The main task of the department is the portfolio management of about 5.000 production processes and the development of novel, robust and cost effective processes for external customers and in-house products, mainly for the regulated market.
https://www.sigmaaldrich.com/switzerland-schweiz.html

Dr. Audrey Langlois, Novartis

Lecture Title: Application of Pd-catalyzed transformations in the manufacture of LSZ102, a selective estrogen receptor degrader

Audrey Langlois obtained her PhD in organic chemistry from the University of Geneva (Switzerland), where she worked on asymmetric catalysis in the group of Prof. E. Peter Kündig. In 2012, she moved to Harvard University (Cambridge, USA) to perform her post-doctoral studies in the group of Prof. Andy G. Myers, working on the design of a fully-synthetic route to macrolide antibiotics. Audrey returned to Switzerland in 2013 to start her career as a process chemist. First, at SpiroChem, an ETH-Zürich spin-off and since 2014 at Novartis within the Chemical and Analytical Development department. Over the past years, Audrey has supported several drug development projects, ranging from classical small molecules to new chemical modalities.
https://www.novartis.com

 

 

 Dr. Lucie Lovelle, Novartis

Lecture Title: The Development Journey of the Bruton’s Tyrosine Kinase Inhibitor LOU064 (remibrutinib)

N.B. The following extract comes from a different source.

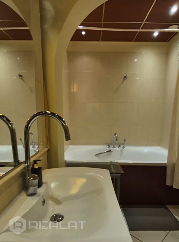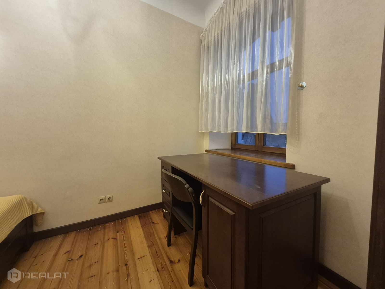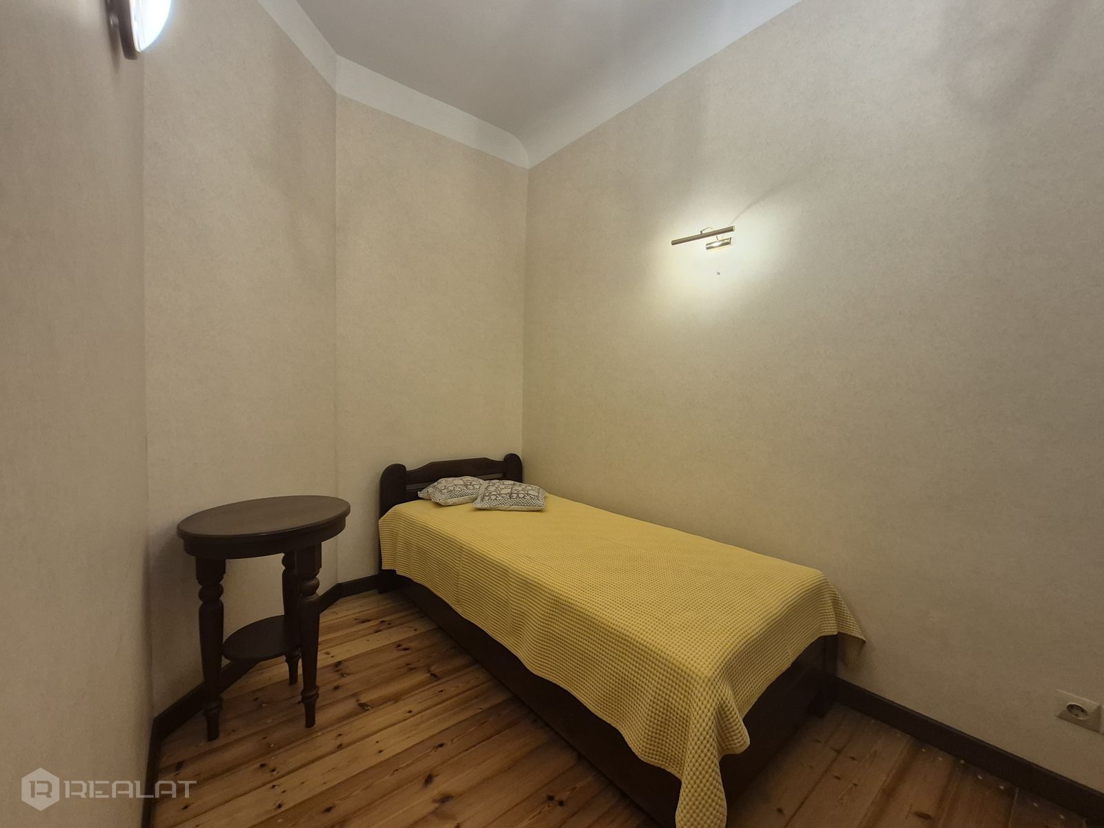 Dzīvoklis atrodas pagalma mājā, tāpēc te ir īpaši kluss, bet vienlaikus pāris soļu attālumā ir Vērmanes dārzs, veikali, kafejnīcas, izklaides vietas un izglītības iestādes.

Lucie Lovelle is a Fellow in the Chemical and Analytical Development organization of Novartis. Lucie earned her PhD in Organic Chemistry from the University of Montreal (Canada), where she worked, under the supervision of Prof. André B. Charette, on the diastereo- and enantioselective synthesis of 1,2,3-trisubstituted cyclopropanes. In 2010, she moved to ETH Zürich (Switzerland) to complete her post-doctoral studies in the group of Prof. Ryan Gilmour, leveraging from the gauche effect to design and synthesize various fluorinated organocatalysts. Lucie was recruited a year later by Janssen, pharmaceutical companies of Johnson & Johnson (Schaffhausen, Switzerland) to work on, among other projects, the development of bedaquiline, an approved marketed drug to treat multi-drug-resistant tuberculosis (MDR-TB). Since 2015, Lucie is working at Novartis in process research & development for drug candidates across indications and phases of clinical development.